*Task description*: Could the records below be restated word for word, without a single picture?

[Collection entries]
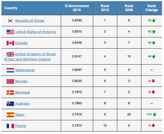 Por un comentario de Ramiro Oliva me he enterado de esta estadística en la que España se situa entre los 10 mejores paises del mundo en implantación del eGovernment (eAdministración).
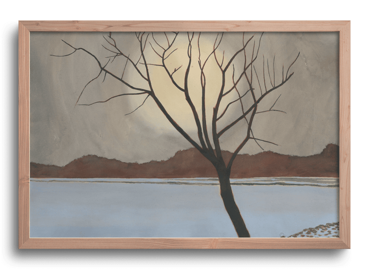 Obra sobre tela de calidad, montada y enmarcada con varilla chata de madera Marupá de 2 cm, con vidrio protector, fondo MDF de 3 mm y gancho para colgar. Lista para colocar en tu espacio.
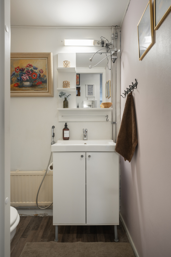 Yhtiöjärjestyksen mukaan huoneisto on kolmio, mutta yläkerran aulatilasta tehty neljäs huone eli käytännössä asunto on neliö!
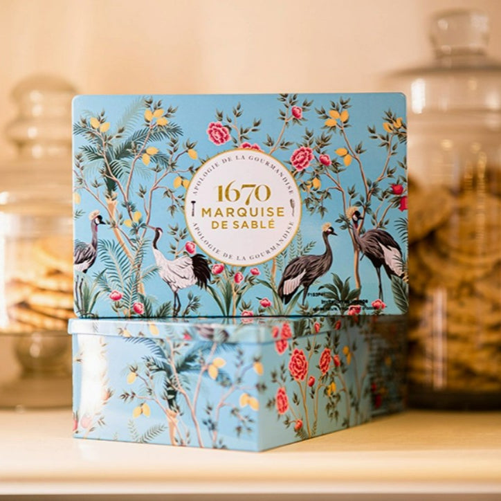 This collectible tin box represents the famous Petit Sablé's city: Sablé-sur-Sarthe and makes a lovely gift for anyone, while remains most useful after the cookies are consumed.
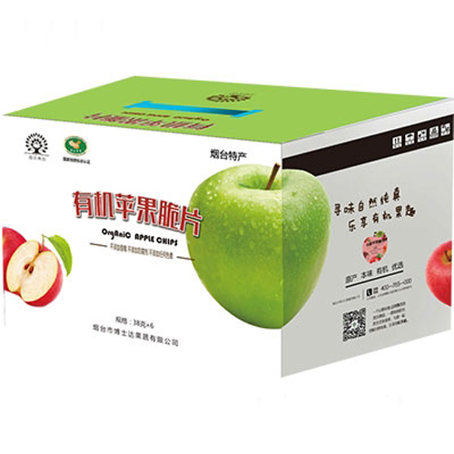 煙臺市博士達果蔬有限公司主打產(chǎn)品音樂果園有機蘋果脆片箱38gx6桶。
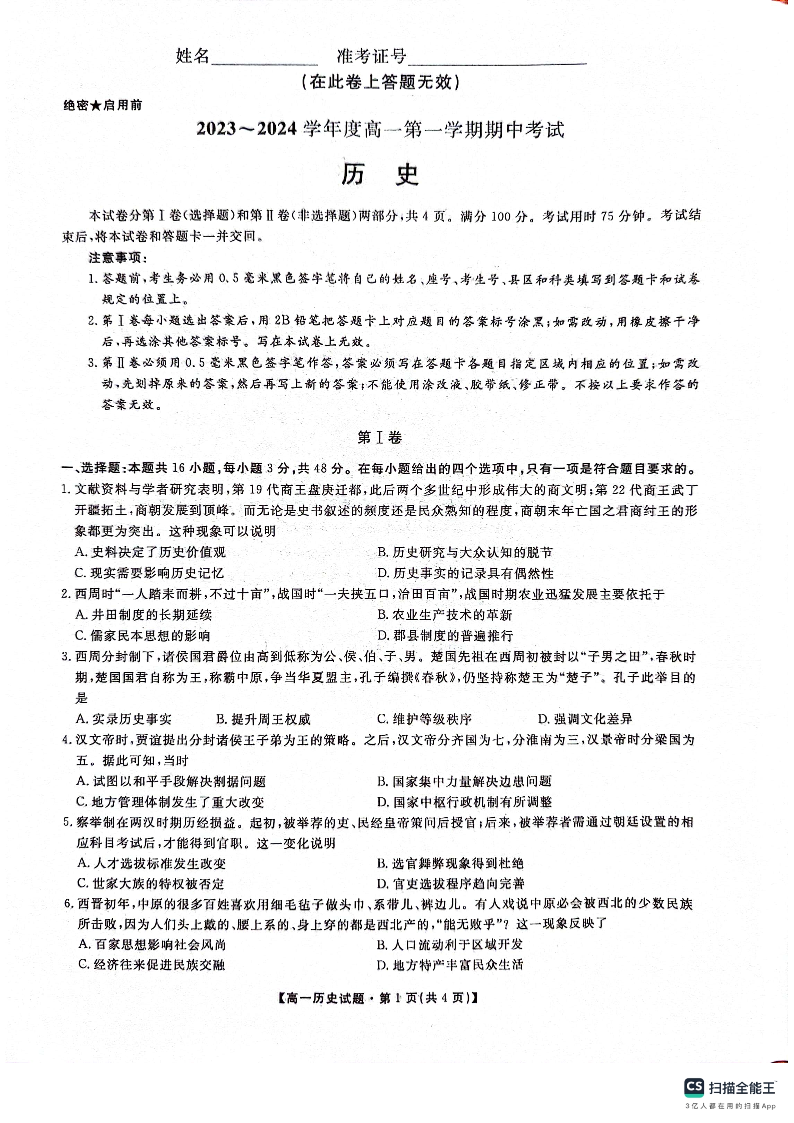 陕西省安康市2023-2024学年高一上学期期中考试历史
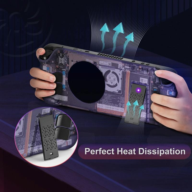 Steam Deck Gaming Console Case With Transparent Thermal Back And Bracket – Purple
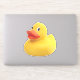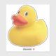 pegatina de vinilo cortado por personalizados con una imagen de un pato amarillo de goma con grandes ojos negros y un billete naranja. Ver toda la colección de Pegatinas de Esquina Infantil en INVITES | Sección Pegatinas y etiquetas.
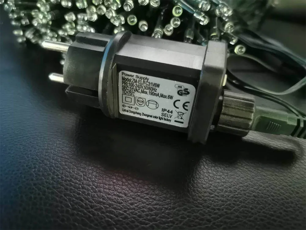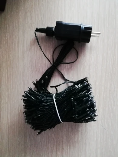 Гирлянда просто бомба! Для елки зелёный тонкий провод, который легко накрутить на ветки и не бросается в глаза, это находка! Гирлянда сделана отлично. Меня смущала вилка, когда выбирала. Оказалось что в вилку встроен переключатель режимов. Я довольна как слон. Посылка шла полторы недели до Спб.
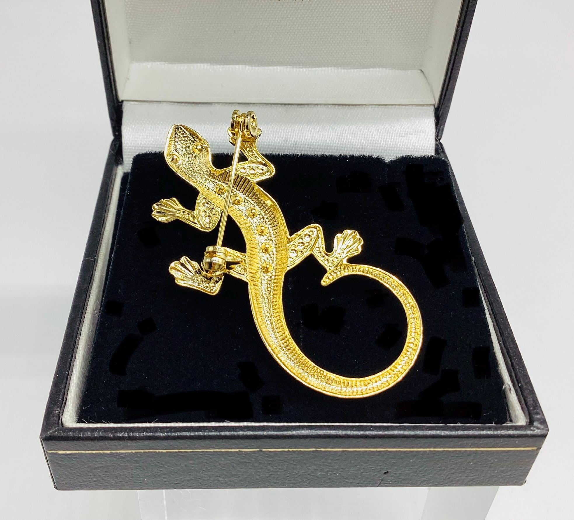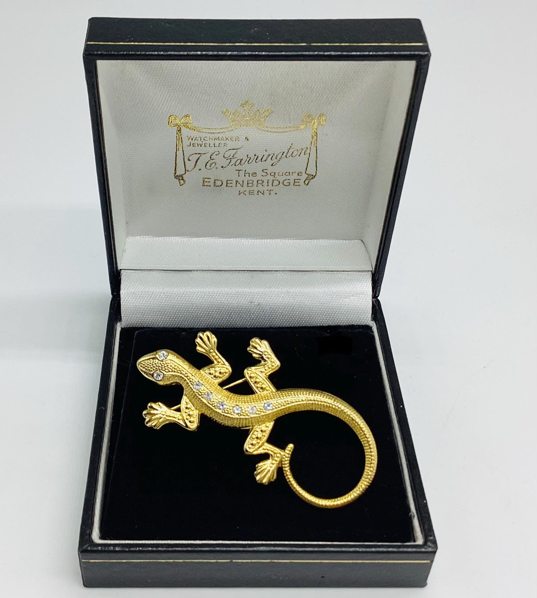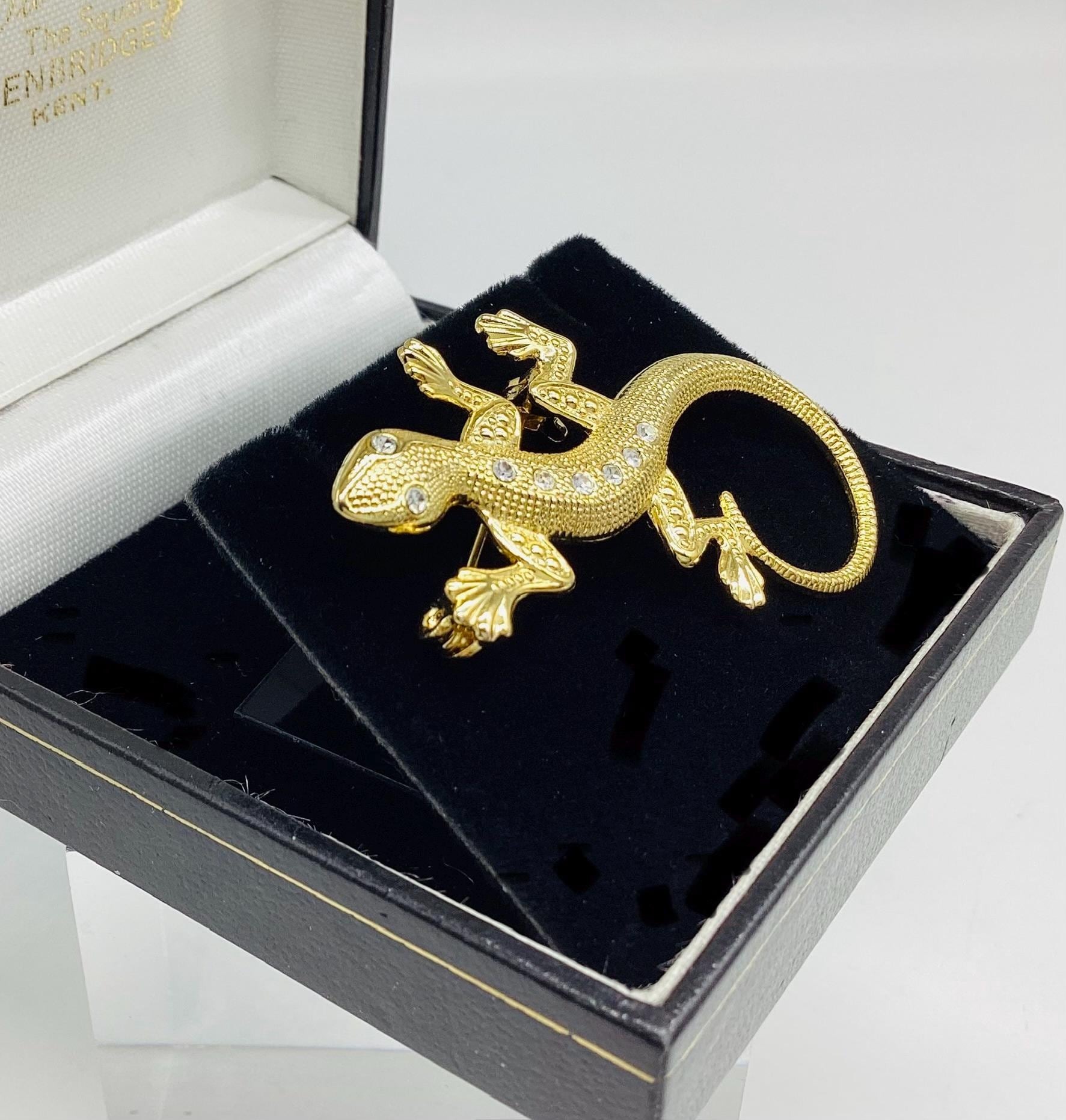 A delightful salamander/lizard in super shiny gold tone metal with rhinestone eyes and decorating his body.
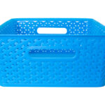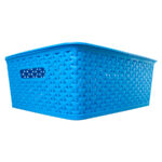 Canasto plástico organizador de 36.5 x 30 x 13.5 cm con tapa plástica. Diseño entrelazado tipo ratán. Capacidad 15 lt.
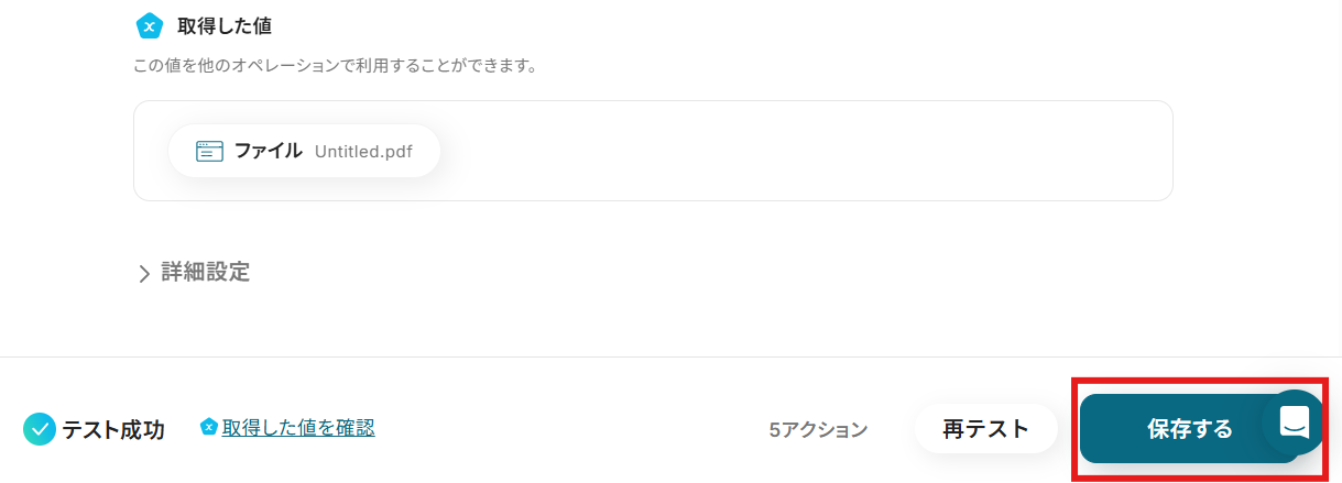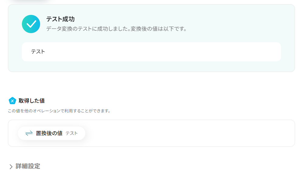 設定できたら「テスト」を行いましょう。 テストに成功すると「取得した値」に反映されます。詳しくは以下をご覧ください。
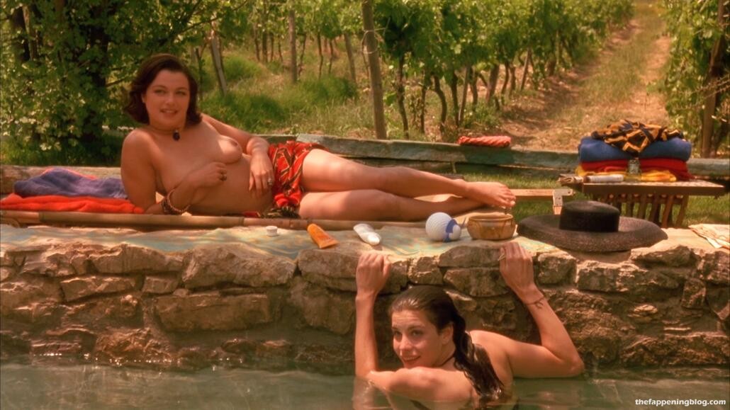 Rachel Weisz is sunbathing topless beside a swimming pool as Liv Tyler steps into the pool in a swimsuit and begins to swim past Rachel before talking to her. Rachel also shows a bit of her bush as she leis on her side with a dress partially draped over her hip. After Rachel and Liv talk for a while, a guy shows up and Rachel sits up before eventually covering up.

*Reply*:
 Por un comentario de Ramiro Oliva me he enterado de esta estadística en la que España se situa entre los 10 mejores paises del mundo en implantación del eGovernment (eAdministración).
 Obra sobre tela de calidad, montada y enmarcada con varilla chata de madera Marupá de 2 cm, con vidrio protector, fondo MDF de 3 mm y gancho para colgar. Lista para colocar en tu espacio.
 Yhtiöjärjestyksen mukaan huoneisto on kolmio, mutta yläkerran aulatilasta tehty neljäs huone eli käytännössä asunto on neliö!
 This collectible tin box represents the famous Petit Sablé's city: Sablé-sur-Sarthe and makes a lovely gift for anyone, while remains most useful after the cookies are consumed.
 煙臺市博士達果蔬有限公司主打產(chǎn)品音樂果園有機蘋果脆片箱38gx6桶。
 陕西省安康市2023-2024学年高一上学期期中考试历史
 Steam Deck Gaming Console Case With Transparent Thermal Back And Bracket – Purple
 pegatina de vinilo cortado por personalizados con una imagen de un pato amarillo de goma con grandes ojos negros y un billete naranja. Ver toda la colección de Pegatinas de Esquina Infantil en INVITES | Sección Pegatinas y etiquetas.
 Гирлянда просто бомба! Для елки зелёный тонкий провод, который легко накрутить на ветки и не бросается в глаза, это находка! Гирлянда сделана отлично. Меня смущала вилка, когда выбирала. Оказалось что в вилку встроен переключатель режимов. Я довольна как слон. Посылка шла полторы недели до Спб.
 A delightful salamander/lizard in super shiny gold tone metal with rhinestone eyes and decorating his body.
 Canasto plástico organizador de 36.5 x 30 x 13.5 cm con tapa plástica. Diseño entrelazado tipo ratán. Capacidad 15 lt.
 設定できたら「テスト」を行いましょう。 テストに成功すると「取得した値」に反映されます。詳しくは以下をご覧ください。
 Rachel Weisz is sunbathing topless beside a swimming pool as Liv Tyler steps into the pool in a swimsuit and begins to swim past Rachel before talking to her. Rachel also shows a bit of her bush as she leis on her side with a dress partially draped over her hip. After Rachel and Liv talk for a while, a guy shows up and Rachel sits up before eventually covering up.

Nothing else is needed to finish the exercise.